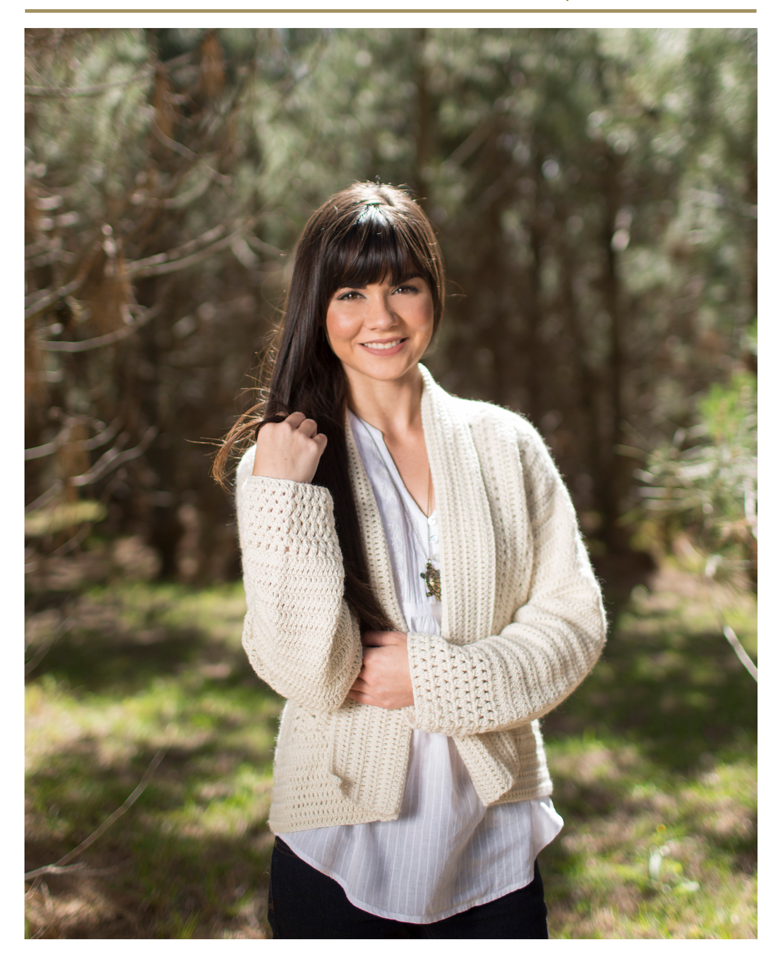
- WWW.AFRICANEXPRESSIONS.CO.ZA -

---

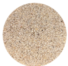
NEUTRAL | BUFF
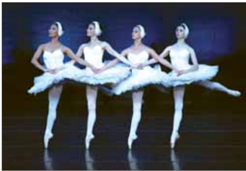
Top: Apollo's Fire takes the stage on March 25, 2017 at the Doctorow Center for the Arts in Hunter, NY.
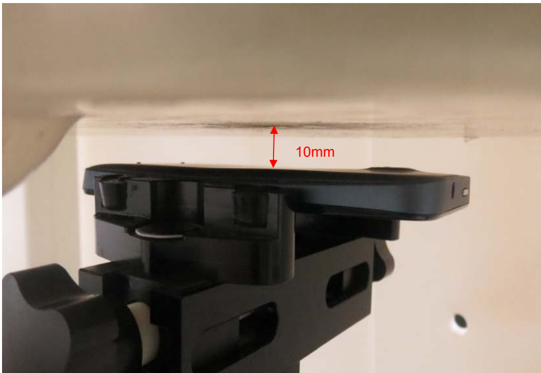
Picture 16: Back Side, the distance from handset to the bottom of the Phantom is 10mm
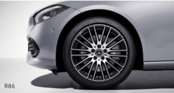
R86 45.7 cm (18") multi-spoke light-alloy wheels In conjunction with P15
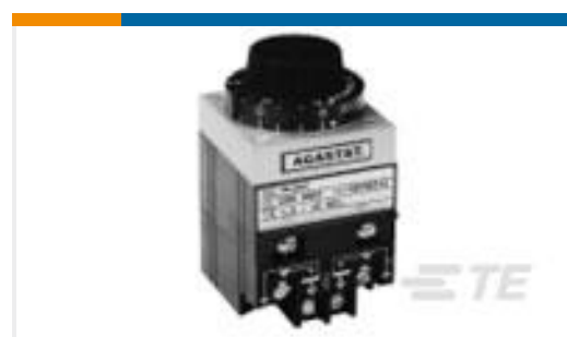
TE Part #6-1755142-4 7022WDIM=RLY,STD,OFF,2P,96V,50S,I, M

What needs to be done: Taking the entries above, extract every line from the one bearing "R86 45.7 cm" through the one bearing "TE Part #6-1755142-4", exactly, with no pictures.

Task answer:
R86 45.7 cm (18") multi-spoke light-alloy wheels In conjunction with P15
TE Part #6-1755142-4 7022WDIM=RLY,STD,OFF,2P,96V,50S,I, M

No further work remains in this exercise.